It is to be noted that terms “first”, “second” and the like in the description, claims and the above mentioned drawings of this application are used for distinguishing similar objects rather than describing a specific sequence or a precedence order. It should be understood that the data used in such a way may be exchanged where appropriate, in order that the embodiments of this application described here can be implemented. In addition, terms “include” and “have” and any variations thereof are intended to cover non-exclusive inclusions. For example, it is not limited for processes, methods, systems, products or devices containing a series of steps or units to clearly list those steps or units, and other steps or units which are not clearly listed or are inherent to these processes, methods, products or devices may be included instead.

It is to be noted that the embodiments in this application and the features in the embodiments may be combined with one another without conflict. The this application will now be described below in detail with reference to the drawings and the embodiments.

Technical terms in the field are first introduced.

An On-Line Analytical Processing (OLAP) system specifically refers to a database system with complex SQL queries as a main workload in the field of big data, which is mostly used for data analysis and query engines of BI.

Precomputation is to reduce online calculation quantity. In the field of big data, due to the huge amount of data, it is easy to slowdown online query. Therefore, it is a common technical means to reduce the online calculation quantity with full precomputation, which can greatly reduce the online calculation quantity and accelerate an online query response speed.

A precomputation model/multidimensional cube is the definition of a set of Cuboid/Aggregated Index/Materialized View, describes a precomputation solution, and is generally designed to accelerate a set of specific SQL queries. By performing multiple precomputations on raw data, Cuboid/Aggregated Index/Materialized View is generated, and a precomputation result is fully utilized during query, so that the purpose of rapid response is achieved. The quality of the precomputation model directly determines the efficiency of precomputation and an effect of query acceleration.

A precomputation and query cluster is a computation cluster composed of a plurality of computers according to a certain network structure.

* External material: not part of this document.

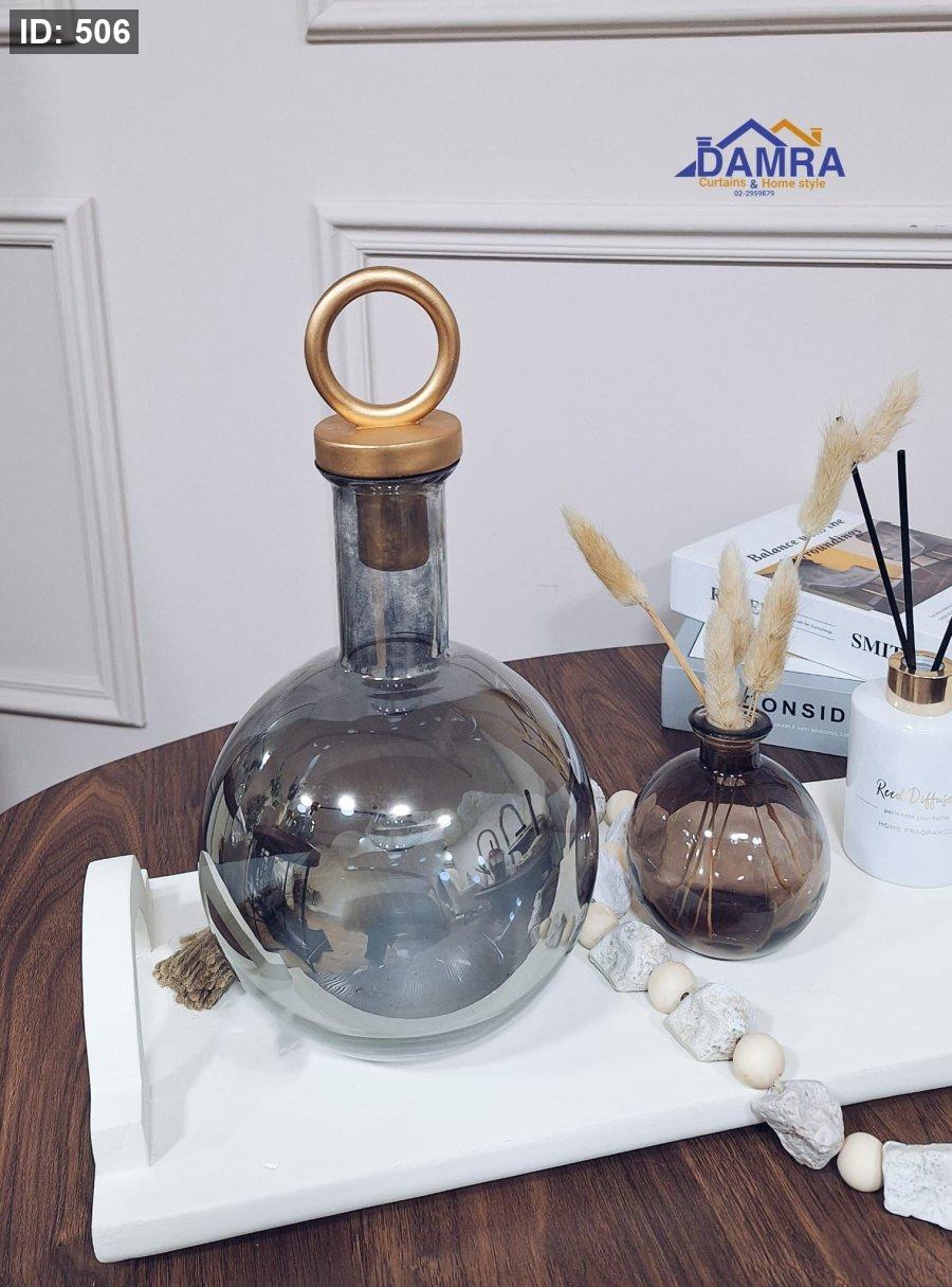 فازة زجاج سكني غطاء حلقة ذهبي 33*21 سم JW024

A computation resource is the computation resource that is required to perform precomputation or SQL query, such as a CPU resource, an internal storage resource, a storage resource, and a network bandwidth resource included in the cluster.

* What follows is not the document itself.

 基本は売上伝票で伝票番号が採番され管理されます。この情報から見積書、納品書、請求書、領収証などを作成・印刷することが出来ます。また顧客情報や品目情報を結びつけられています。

Query load is an execution process of a set of SQL queries according to a specific time sequence, which may be parallel execution, or serial execution, or a mixture of parallel execution and serial execution.

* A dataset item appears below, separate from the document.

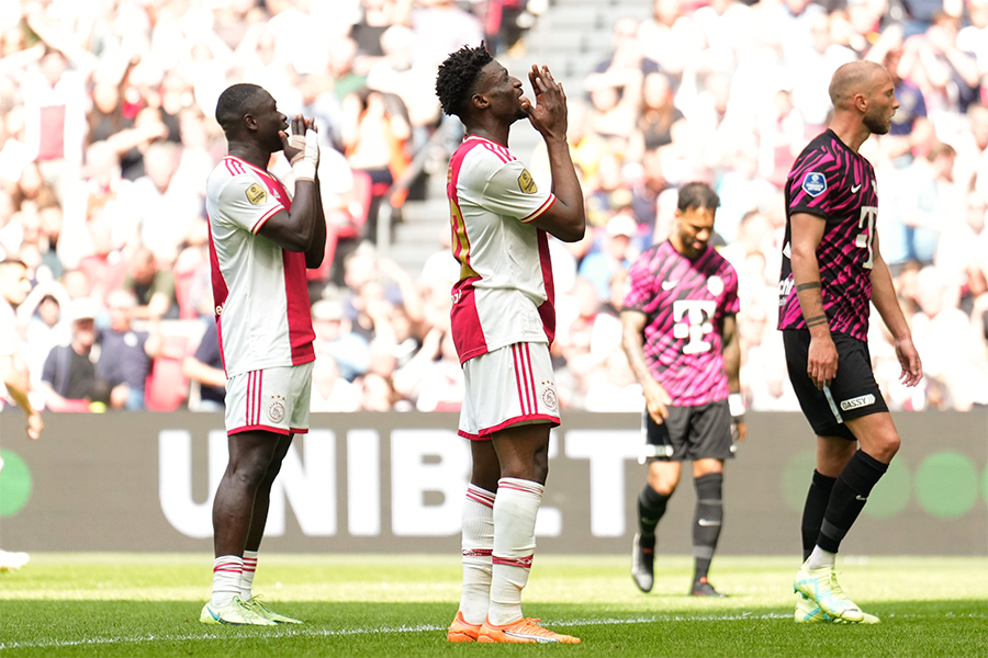 Ajax heeft speelronde 33 afgesloten met drie punten. De ploeg van John Heitinga wist in de eigen Johan Cruijff ArenA de laatste thuiswedstrijd van het seizoen met 3-1 te winnen van FC Utrecht. Dankzij de zege tegen de Domstedelingen en het puntenverlies van PSV maken de Amsterdammers nog steeds kans op de tweede plek in de Eredivisie.

This application provides a precomputation method for continuous iterative optimization. FIG. 1 is a flowchart of a precomputation method for continuous iterative optimization. The method includes the following steps.

At S102, a query task corresponding to each of a plurality of time periods is determined.

The time period may be a day, a week, a month, or a season, which may specifically and flexibility set. Preferably, a precomputation model may be periodically tuned. Interval time may be a day, a week, or an hour, which is determined according to an external data query task. If the query task is frequent, the tuned period is shortened. If the query task is less, the tuned period may be set to be relatively long, which may be flexibly set.

Preferably, the time period is a day.

Specifically, the query task mainly comes from query requests sent by a large number of clients of users. The query task varies in real time. At different time periods, the query task is different.

At S104, multiple rounds of optimization are continuously performed on a precomputation model according to the query task corresponding to each time period.

Specifically, during optimization, according to a predetermined target loss function, optimization may be performed by reducing the target loss function to predetermined prefabrication as a target.

Alternatively, a condition may be magnified, and optimization may be performed by not increasing the target loss function as the target. That is to say, after optimization, an output result of the precomputation model should be convergent, not divergent.

According to the above method of the present invention, the precomputation model is continuously optimized, so that the performance of computation is improved. Therefore, the reduction of computation performance caused by the precomputation model being not optimized for a long time can be prevented.

In an implementation, the step of continuously performing multiple rounds of optimization on the precomputation model according to the query task corresponding to each time period includes the following operations.

For any time period, a first query task corresponding to the current time period is determined when the time period starts.

In the time period, the precomputation model is optimized according to the first query task.

Optimizing the precomputation model is stopped when the time period ends.

A second query task corresponding to a next time period is determined when entering the next time period, and the precomputation model is continuously optimized according to the second query task.

In an implementation, the step of optimizing the precomputation model according to the first query task includes the following operations.

Time consumption and query resource consumption of the first query task are determined.

The precomputation model is optimized according to the time consumption and query resource consumption of the first query task.

Specifically, an optimized target function includes query time and query resource consumption.

That is to say, in the precomputation model, for the same query task, after optimization, the time for the query task is less than the time for the query task before optimization. Optimized query resource overhead is less than query resource overhead before optimization.

In an implementation, for any time period, the first query task corresponding to the current time period is determined when the time period starts.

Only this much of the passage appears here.